United States Patent	*6,263,686*
Burkhart	July 24, 2001

Defrost control method and apparatus

Abstract

In a time and temperature controlled defrost cycle for a heat pump system, defrost cycles are controlled by two variables: elapsed time since the last defrost cycle, and the refrigerant temperature in the outdoor coil. The elapsed time variable for the first defrost cycle after power-up is set less than the elapsed time variable required for subsequent defrost cycles. Thus, the system is not vulnerable to planned cyclical power outages if the power outage cycle time is less than the elapsed time variable required between regular defrost cycles.

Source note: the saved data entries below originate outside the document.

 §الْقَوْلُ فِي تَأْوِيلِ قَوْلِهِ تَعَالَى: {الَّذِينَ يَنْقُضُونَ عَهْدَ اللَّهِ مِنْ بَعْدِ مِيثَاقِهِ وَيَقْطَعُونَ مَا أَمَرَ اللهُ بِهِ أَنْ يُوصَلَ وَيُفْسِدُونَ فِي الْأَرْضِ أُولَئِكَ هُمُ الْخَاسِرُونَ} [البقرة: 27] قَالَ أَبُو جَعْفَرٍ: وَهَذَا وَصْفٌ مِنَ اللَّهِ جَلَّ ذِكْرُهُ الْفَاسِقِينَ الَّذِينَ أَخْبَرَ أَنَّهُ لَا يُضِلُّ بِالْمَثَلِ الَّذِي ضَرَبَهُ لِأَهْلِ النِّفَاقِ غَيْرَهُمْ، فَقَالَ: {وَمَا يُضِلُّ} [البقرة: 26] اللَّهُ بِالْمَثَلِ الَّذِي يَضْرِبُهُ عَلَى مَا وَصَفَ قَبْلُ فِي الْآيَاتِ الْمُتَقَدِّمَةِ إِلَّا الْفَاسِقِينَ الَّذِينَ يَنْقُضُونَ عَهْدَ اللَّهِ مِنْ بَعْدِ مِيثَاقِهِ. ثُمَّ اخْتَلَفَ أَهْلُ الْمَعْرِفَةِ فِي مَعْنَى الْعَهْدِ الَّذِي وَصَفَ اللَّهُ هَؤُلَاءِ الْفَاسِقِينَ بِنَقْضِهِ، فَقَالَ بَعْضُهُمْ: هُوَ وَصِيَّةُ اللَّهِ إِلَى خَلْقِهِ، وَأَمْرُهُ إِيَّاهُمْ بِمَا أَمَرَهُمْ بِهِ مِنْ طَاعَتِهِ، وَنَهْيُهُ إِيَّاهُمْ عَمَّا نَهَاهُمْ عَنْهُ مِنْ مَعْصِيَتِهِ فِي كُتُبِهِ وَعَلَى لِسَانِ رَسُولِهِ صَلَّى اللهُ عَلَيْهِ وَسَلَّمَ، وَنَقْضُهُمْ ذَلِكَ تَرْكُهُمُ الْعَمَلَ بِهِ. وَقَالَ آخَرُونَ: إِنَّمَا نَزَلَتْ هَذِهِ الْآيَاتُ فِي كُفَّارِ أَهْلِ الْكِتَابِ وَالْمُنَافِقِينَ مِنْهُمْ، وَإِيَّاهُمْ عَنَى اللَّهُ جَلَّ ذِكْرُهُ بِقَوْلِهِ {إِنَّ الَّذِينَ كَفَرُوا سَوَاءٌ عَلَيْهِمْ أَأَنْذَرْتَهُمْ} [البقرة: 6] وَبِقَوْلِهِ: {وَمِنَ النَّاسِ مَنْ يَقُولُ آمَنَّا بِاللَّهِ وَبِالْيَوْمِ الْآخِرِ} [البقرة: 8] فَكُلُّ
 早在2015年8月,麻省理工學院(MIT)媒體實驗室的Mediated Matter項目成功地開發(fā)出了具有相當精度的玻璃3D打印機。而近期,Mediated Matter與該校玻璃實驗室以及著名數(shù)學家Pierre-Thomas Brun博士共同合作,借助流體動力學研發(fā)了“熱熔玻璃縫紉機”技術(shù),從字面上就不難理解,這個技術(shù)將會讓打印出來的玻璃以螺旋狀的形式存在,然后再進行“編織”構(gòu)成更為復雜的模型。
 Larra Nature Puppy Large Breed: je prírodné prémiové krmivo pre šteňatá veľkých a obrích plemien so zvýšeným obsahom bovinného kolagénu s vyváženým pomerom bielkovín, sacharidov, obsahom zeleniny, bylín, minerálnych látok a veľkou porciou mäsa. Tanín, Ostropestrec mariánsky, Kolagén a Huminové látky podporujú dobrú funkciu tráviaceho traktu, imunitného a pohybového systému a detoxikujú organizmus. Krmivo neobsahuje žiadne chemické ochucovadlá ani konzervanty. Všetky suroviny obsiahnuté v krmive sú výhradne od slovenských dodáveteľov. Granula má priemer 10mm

Inventors:	Burkhart; Larry James (Indianapolis, IN)
Assignee:	Carrier Corporation (Farmington, CT)
Appl. No.:	612709
Filed:	July 10, 2000

Current U.S. Class: 62/155; 62/230; 62/234

Intern'l Class: F25B 047/02

Field of Search: 62/80,151,152,154,155,156,234,230

References Cited U.S. Patent Documents

5148686	Sep., 1992	You	62/234.
5257506	Nov., 1993	DeWolf et al.	62/80.
5469715	Nov., 1995	Janke et al.	62/155.
6026651	Feb., 2000	Sandelman	62/155.
6131400	Oct., 2000	Seok et al.	62/155.

Primary Examiner: Tanner; Harry B.
Attorney, Agent or Firm: Wall Marjama & Bilinski

Claims

What is claimed is:

1. A method of controlling when to initiate a defrost cycle to remove accumulated frost from an outdoor heat exchanger coil forming a portion of a refrigerant heat pump system including a compressor, comprising the steps of:

determining whether a prior defrost cycle has occurred since system power-up;

determining a first elapsed time since said prior defrost cycle, if any;

determining a second elapsed time since system power-up;

initiating said defrost cycle if no prior defrost cycle has occurred since system power-up and said second elapsed time exceeds a first predetermined time; and

initiating said defrost cycle if said prior defrost cycle has occurred since system power-up and said first elapsed time exceeds a second predetermined time.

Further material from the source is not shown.